Jak wskazał szef łódzkiego ICZMP, "u jednego pacjenta, który odłoży badania, nic się nie stanie, a drugi może dostać zawału mięśnia sercowego". - Dlatego chcę podkreślić, że możemy podczas pandemii skutecznie leczyć choroby serca i naczyń - zaznaczył. - Wówczas jeśli ktoś z pacjentów kardiologicznych zachoruje na COVID-19, będzie mniejsze prawdopodobieństwo wystąpienia powikłań - dodał. Kardiolog przypomniał, że choroby serca mogą, ale nie muszą powodować cięższego przebiegu COVID-19.
- Większość przyczyn zgonów - nawet do 80 procent w podawanych statystykach pacjentów covidowych - to czynniki ryzyka lub choroby współistniejące - zwrócił uwagę lekarz. - Czyli to nie są zgony związane tylko z COVID-19, ale to skutek zakażenia SARS-CoV-2, który nakłada się na istniejące, często źle kontrolowane i leczone choroby - powiedział. - Te czynniki ryzyka to między innymi współistniejąca choroba sercowo-naczyniowa, otyłość, cukrzyca, zaburzenia lipidowe. Jeśli wystąpią przy COVID-19, mogą powodować cięższy przebieg choroby - wyjaśnił prof. Banach.
Lekarz zaapelował, że "jeśli mamy jakieś objawy naszej choroby podstawowej, nie bójmy się -skorzystajmy z rozmowy telefonicznej z lekarzem, który poradzi, jaki rodzaj diagnostyki czy leczenia jest konieczny".

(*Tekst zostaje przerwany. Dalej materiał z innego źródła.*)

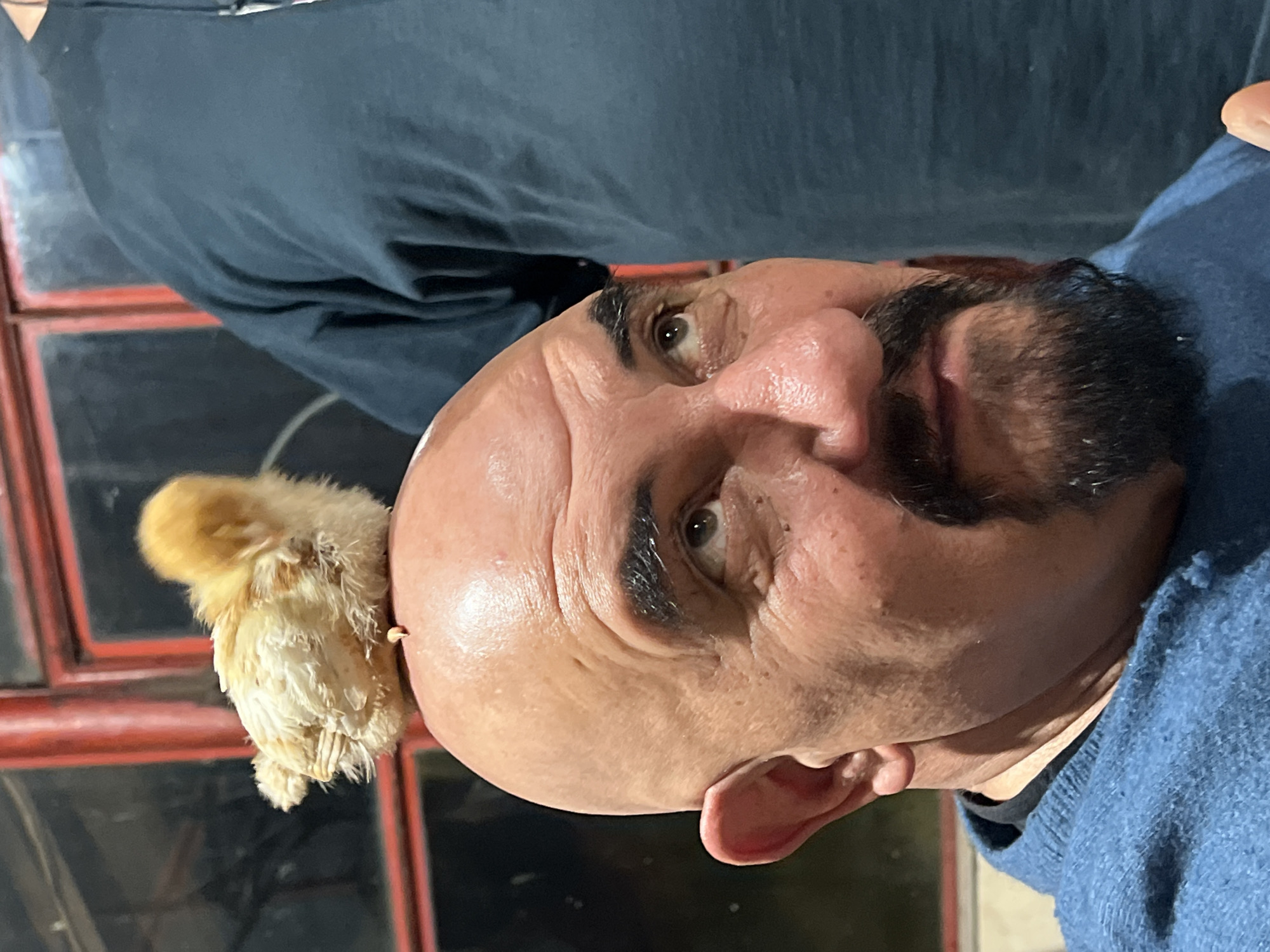 A close-up, slightly rotated image depicts a bald man with a dark mustache and beard. A small, fluffy, light-colored chick sits on the top of his head. The man's face is detailed, showing wrinkles and skin texture. He appears to be wearing a blue sweater. In the background, there is a window with a red frame and dark panes. The image was taken in Sadovets, Bulgaria.
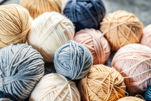 The background is made of balls of wool yarn . Needlework, textiles, knitting. Winter season, small business, handmade clothes.
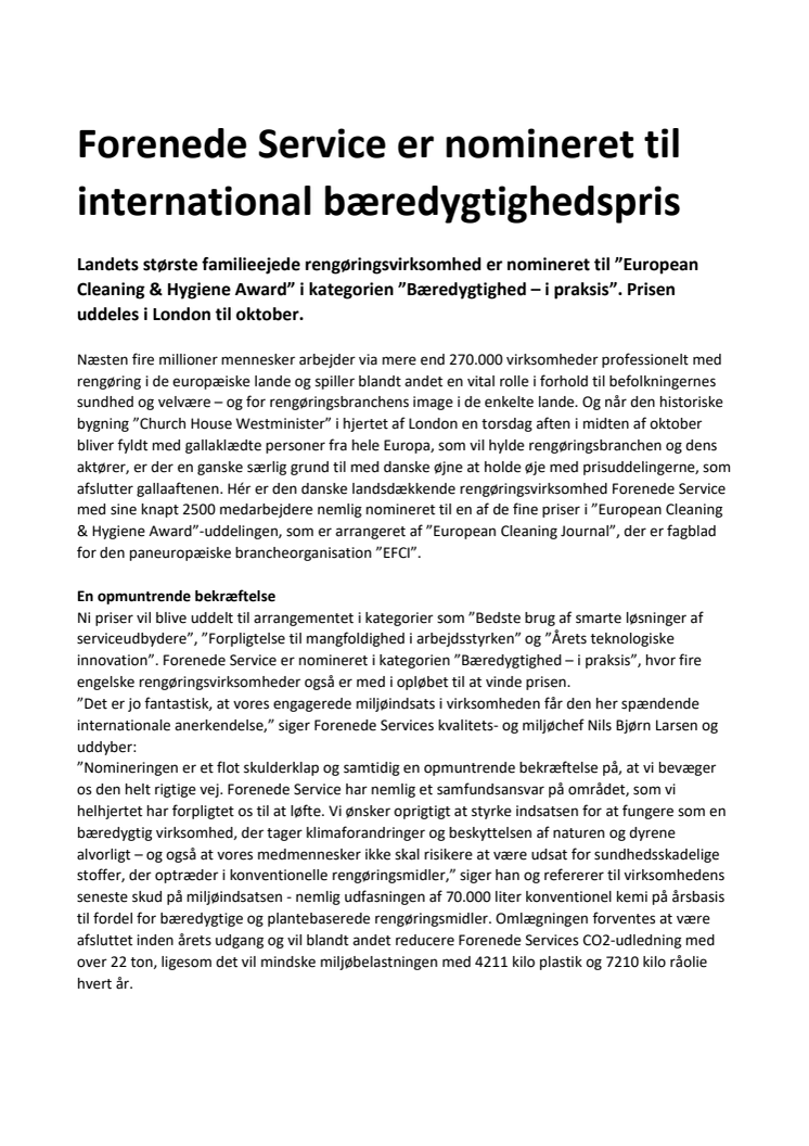 Landets største familieejede rengøringsvirksomhed er nomineret til ”European Cleaning & Hygiene Award” i kategorien ”Bæredygtighed – i praksis”. Prisen uddeles i London til oktober.

Palenie papierosów a COVID-19
Ekspert podkreślił znaczenie palenia tytoniu dla COVID-19. Jego zdaniem nie ma żadnych wątpliwości, że zwiększa to ryzyko cięższego przebiegu choroby wywoływanej przez zakażenie SARS-CoV-2.
- Palenie tytoniu uszkadza nabłonek dróg oddechowych - ostrzegł lekarz. - Wtedy następuje tak zwany remodeling, czyli stopniowy, ale postępujący i nieodwracalny zanik funkcjonalności dróg oddechowych, co pogłębia ryzyko powikłań przy COVID-19 - przestrzegł.
U wieloletnich palaczy - jak dodał lekarz - występuje przewlekła, obturacyjna choroba płuc, która też zwiększa ryzyko cięższego przebiegu śródmiąższowego zapalenia płuc, które powoduje COVID-19. - Ponadto jeśli palimy, nie mamy maseczki, co dodatkowo naraża nas na zakażenie koronawirusem -podkreślił prof. Banach.